Question

For the given graph of a Linear Programming Problem, write all the constraints satisfying the given feasible region.

Hint:

To write the constraints for a Linear Programming Problem from a graph, find the equations of the lines forming the boundaries of the feasible region and translate them into inequalities.

Answer 1

From the given graph, we can identify the constraints that form the feasible region.

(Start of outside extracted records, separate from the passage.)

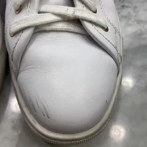 Heavy wear and tear. These sneakers were LOVED. They still have some life left into them. I’ve cleaned them but I think will a good toothbrush and bleaching the laces, they can be even better and have a second life.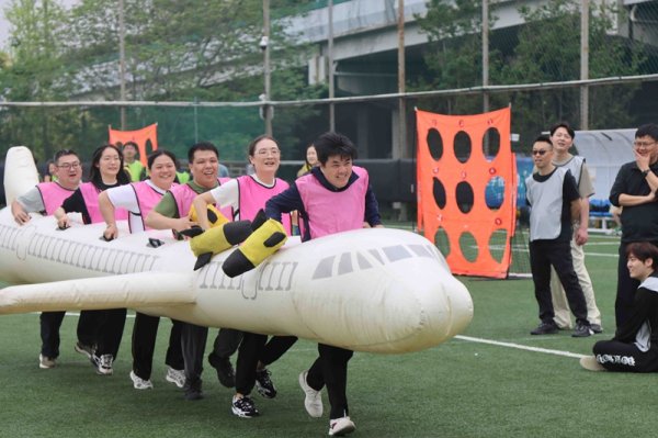 随后,各代表队精神抖擞亮相,喊出响亮口号。赛场上,“万众一心”拔河、“勇立潮头”协作赛等趣味项目依次开展,选手们在欢声笑语中挥洒汗水,生动诠释了“快乐工作,健康生活”的理念。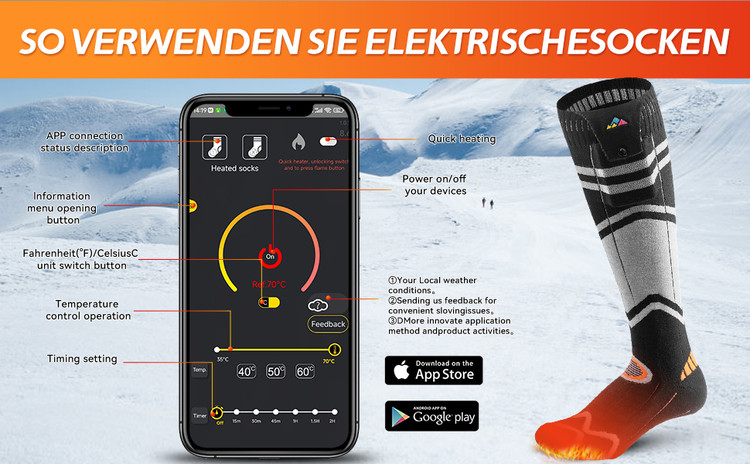 🔥 کنترل با اپلیکیشن گوشی هوشمند: جورابهای گرم شونده USB را میتوان از طریق اپلیکیشن گوشی هوشمند کنترل کرد. میتوانید دما را تنظیم کنید، تایمر تنظیم کنید، آن را روشن یا خاموش کنید یا هر جوراب را به صورت جداگانه تنها با یک ضربه کنترل کنید. دیگر نیازی به خم شدن نیست. این اپلیکیشن کاربرپسند است، از چندین زبان پشتیبانی میکند و نیازی به ثبت نام ندارد - به سادگی طبق دستورالعملها دانلود کنید. (فعالسازی بلوتوث لازم است)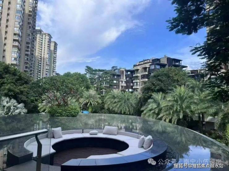 小区园林走的是巴厘岛度假风,里面有个1000㎡的泳池,旁边种着从巴厘岛引进的鸡蛋花。夏天在这里游泳,简直像在国外度假。而且园林里的树都是成年树,直接全冠移植,住进去就能享受绿荫,这点相当良心。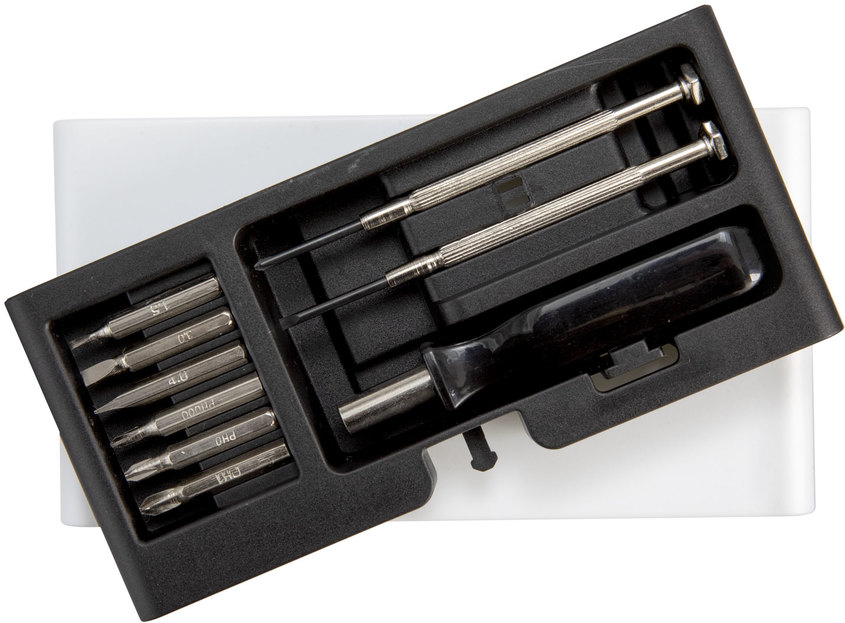 Set de destornilladores BOB. Set de destornilladores. Incluye: 1 mango con punta imantada, 6 puntas diferentes (3 planas: 1,5 ; 3 y 4 mm. y 3 cruz: 0000, 0 y 1mm.) y 2 destornilladores de precisión (1 plano y 1 cruz). Base imantada que permite mantener ordenadas las diferentes puntas. Apertura push. Medidas: 7,3 x 13,7 x 2,1 cm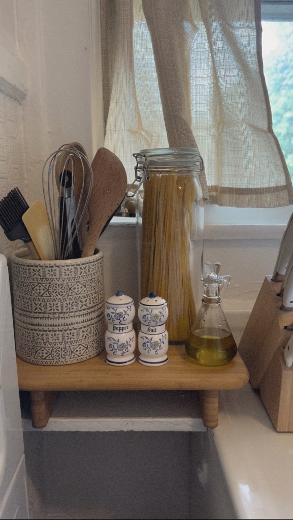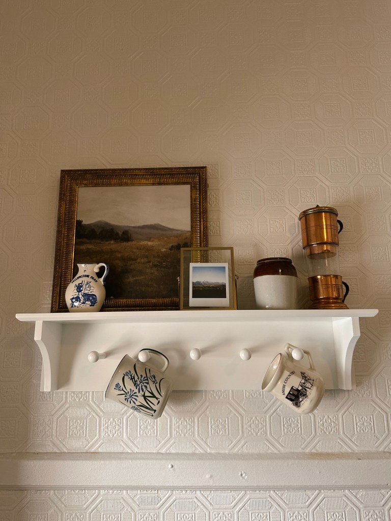 - Rearrange pieces in a new place. I love the shelf I have in our kitchen because it’s fun to change for the seasons! I recently placed some pieces on the shelf that used to be in other spots and it gave the kitchen a fresh look without having to buy something new.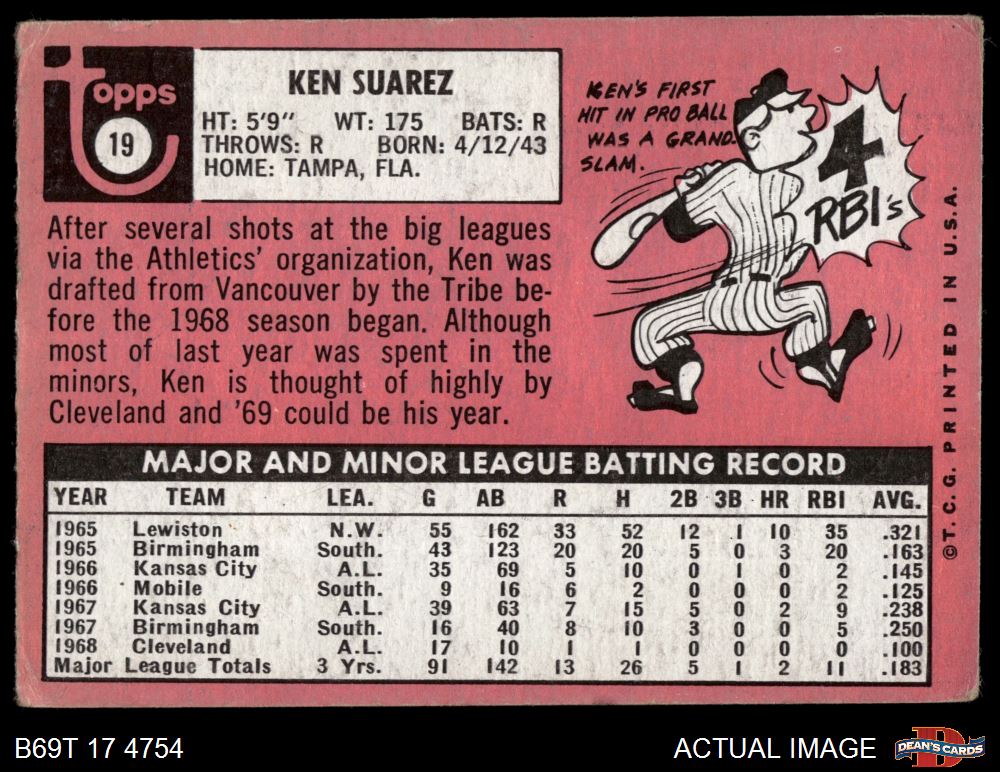 1969 Topps #19 Ken Suarez 1.5 - FAIR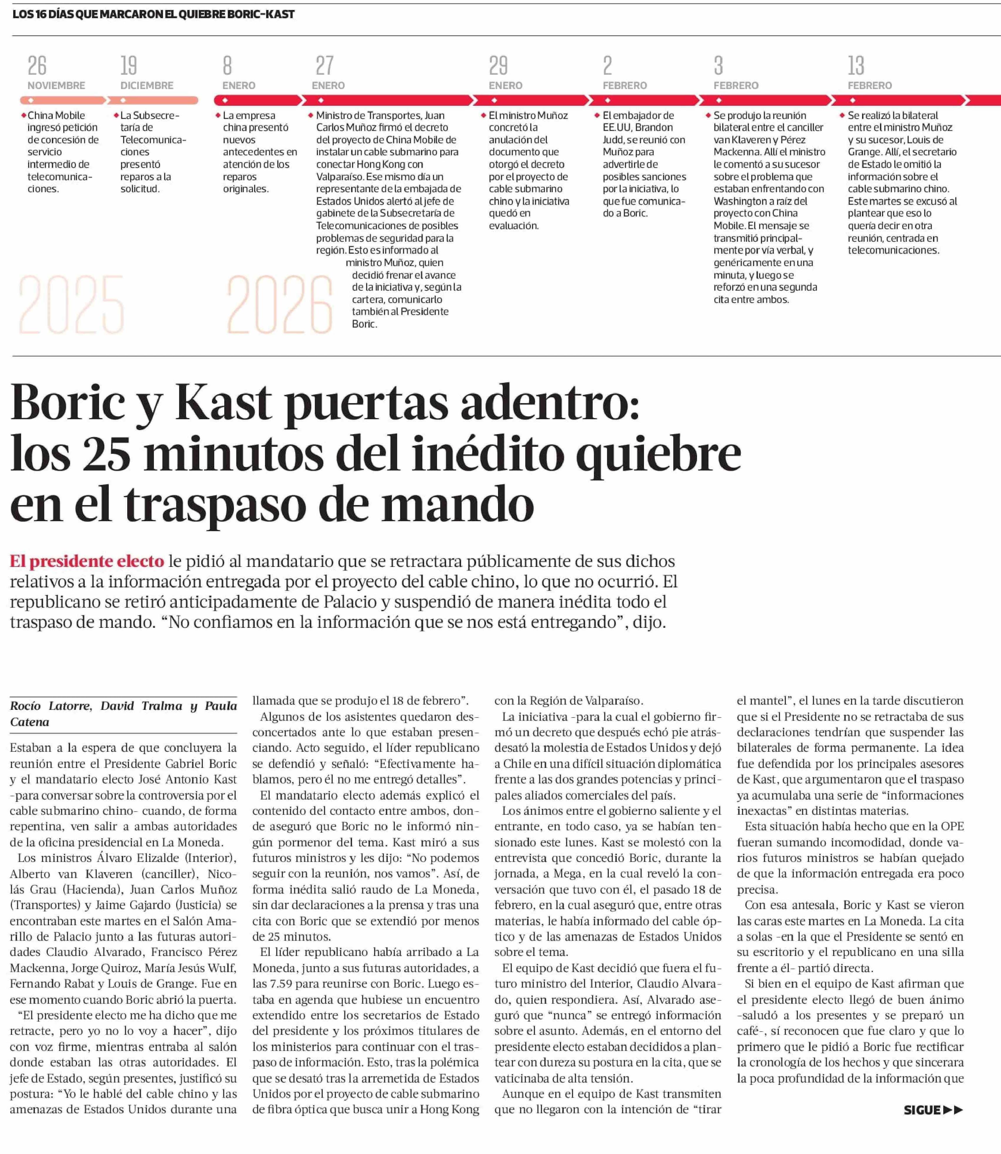 Boric y Kast puertas adentro: los 25 minutos del inédito quiebre en el traspaso de mando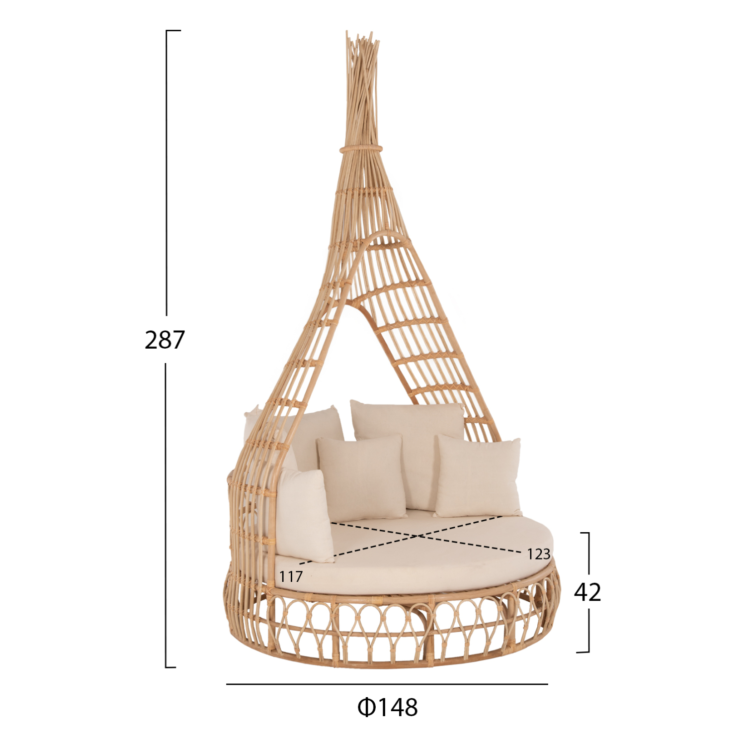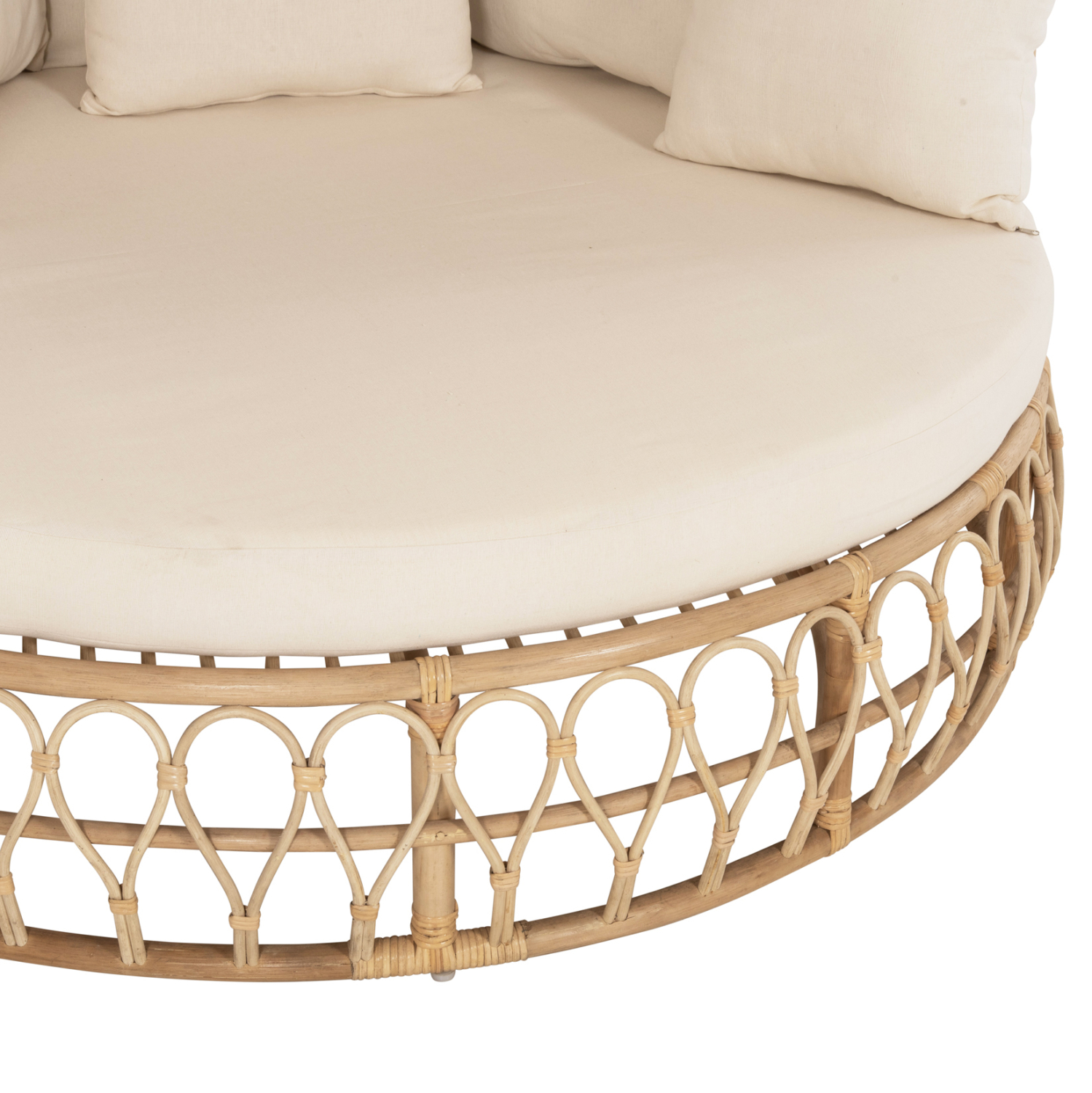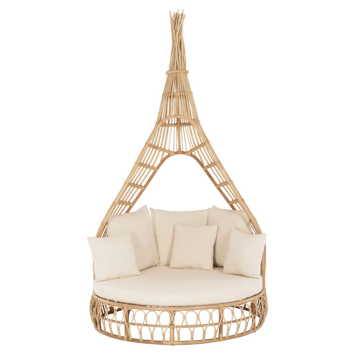 Ο υπέροχος καναπές MARJOM είναι η νέα προσθήκη στην γκάμα μας. Μια πολυτελής πρόταση σε στρογγυλό σχήμα με ψηλό «ουρανό» που θυμίζει καμπάνα. Το Rattan που είναι το υλικό κατασκευής, είναι υπέροχα δουλεμένο και δίνει αμέσως μια όμορφη εικόνα στον χώρο. Διαθέτει στρογγυλό μαξιλάρι καθίσματος (στρώμα) και 6 συνοδευτικά μαξιλάρια με ύφασμα σε ΕΚΡΟΥ χρώμα.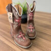 Texana Clarice Infantil – Couro Horse Nescau/Bordado Cruz Rosa e Bege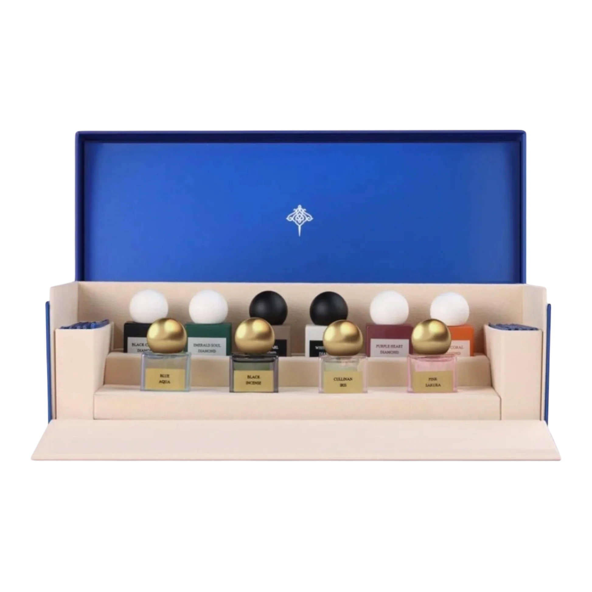 A luxurious, velvet-lined box presenting the complete Diamond Collection in ten travel-ready 10 ml sprays—perfect for discovering your signature or gifting with style.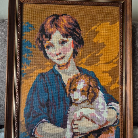 Koselig bilde av en bjørn i tovet ull og brodering ,33x42 cm,99584193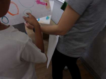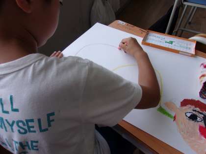 6月27日 図工でしゃぼんだまをふく人の絵を描きました。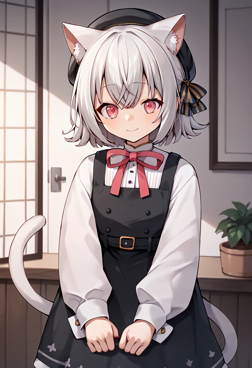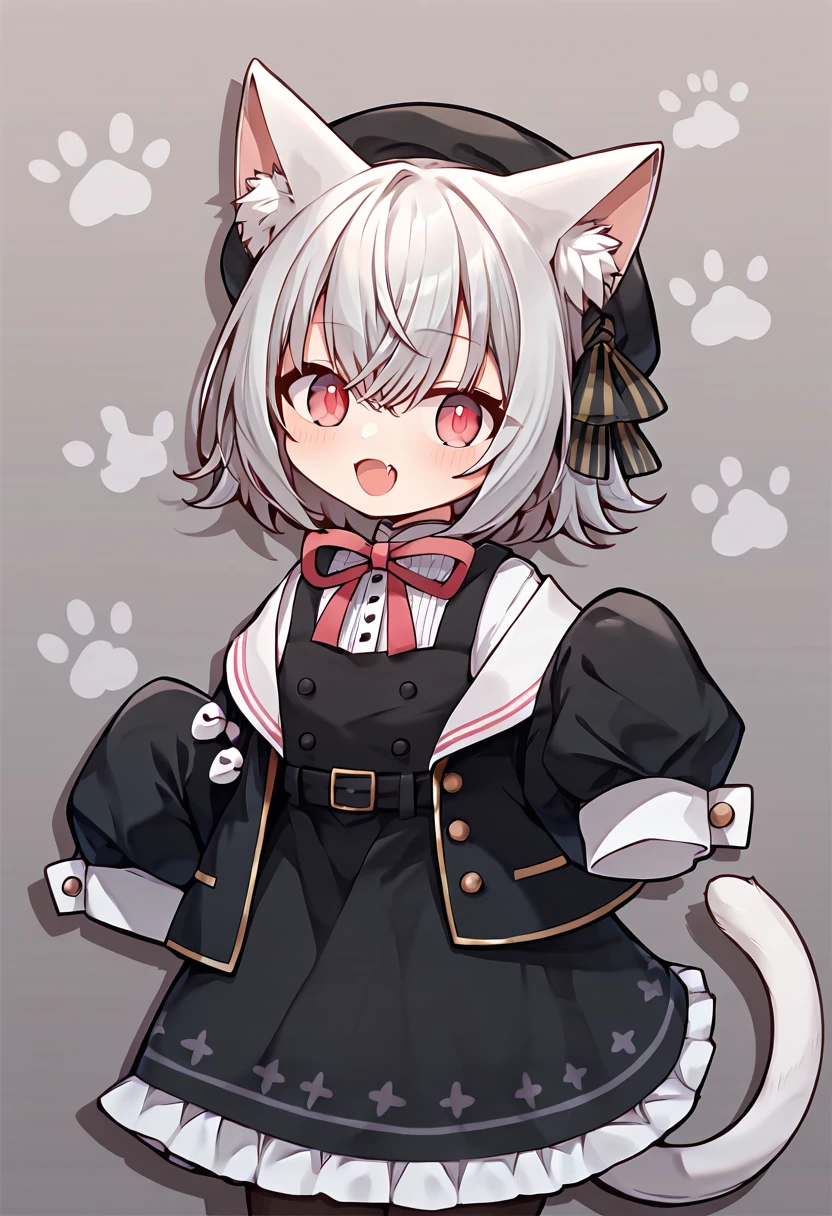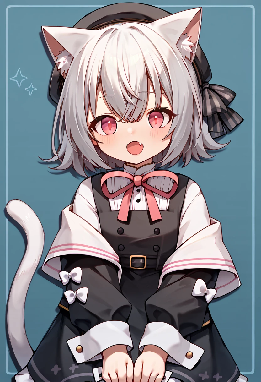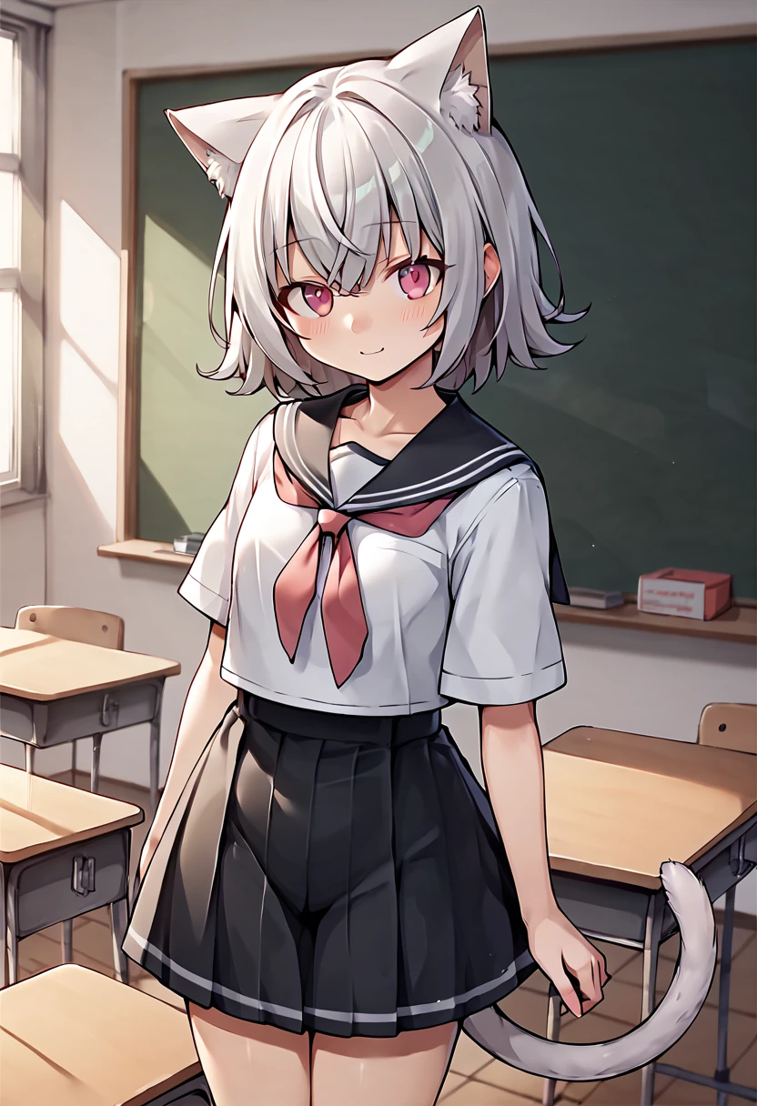 sayo \(voicevox\), grey hair, cat ears, pink eyes, cat tail,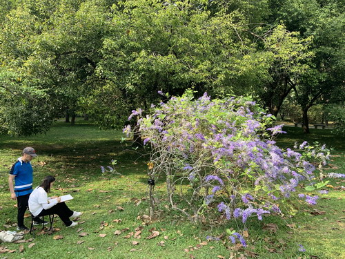 绿草丛中斜卧着一大丛盘根错节的藤本植物,沿着藤枝花环状的长满蓝紫色花朵,远远望去由高往下抛物线状向草地延伸。看惯了种种大朵红花之后,走进这株正值盛花期的“蓝花藤”,一下子被这么美丽的蓝紫色所惊艳。在华南植物园藤本园见到的这种观赏植物,她的老家在墨西哥、西印度群岛及中美洲。自从引进中国后很快就在南方声名鹊起成为网红。据了解,目前蓝花藤在华南植物园、福建厦门植物园、泉州等地都有栽培。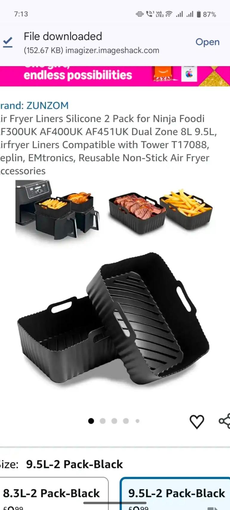 | 2 | 2 | https://www.amazon.co.uk/s?k=air+fryer+liners+silicone&rh=p_4%3AZUNZOM | UK | 1208666 |

The vertices of the region are $ A(0, 200) $, $ B(50, 250) $, $ C(150, 150) $, and $ D(200, 0) $. Using the equation of the line passing through any two points, we can write the inequalities corresponding to the constraints. 1. From Point A(0, 200) to B(50, 250):
The slope \( m \) is calculated as: \[ m = \frac{250 - 200}{50 - 0} = \frac{50}{50} = 1 \] Using the point \( A(0, 200) \) in the equation of the line: \[ y - 200 = 1(x - 0) \quad \Rightarrow \quad y = x + 200 \] Thus, the first constraint is: \[ y \leq x + 200 \] 2. From Point B(50, 250) to C(150, 150):
The slope \( m \) is: \[ m = \frac{150 - 250}{150 - 50} = \frac{-100}{100} = -1 \] Using point \( B(50, 250) \): \[ y - 250 = -1(x - 50) \quad \Rightarrow \quad y = -x + 300 \] Thus, the second constraint is: \[ y \leq -x + 300 \] 3. From Point C(150, 150) to D(200, 0):
The slope \( m \) is: \[ m = \frac{0 - 150}{200 - 150} = \frac{-150}{50} = -3 \] Using point \( C(150, 150) \): \[ y - 150 = -3(x - 150) \quad \Rightarrow \quad y = -3x + 750 \] Thus, the third constraint is: \[ y \leq -3x + 750 \] 4. From Point D(200, 0) to O(0, 0):
The slope \( m \) is: \[ m = \frac{0 - 0}{200 - 0} = 0 \] The equation is simply: \[ y = 0 \] Thus, the fourth constraint is: \[ y \geq 0 \] Constraints:
The constraints for the feasible region are: \[ y \leq x + 200 \] \[ y \leq -x + 300 \] \[ y \leq -3x + 750 \] \[ y \geq 0 \] These constraints define the feasible region in the given Linear Programming Problem.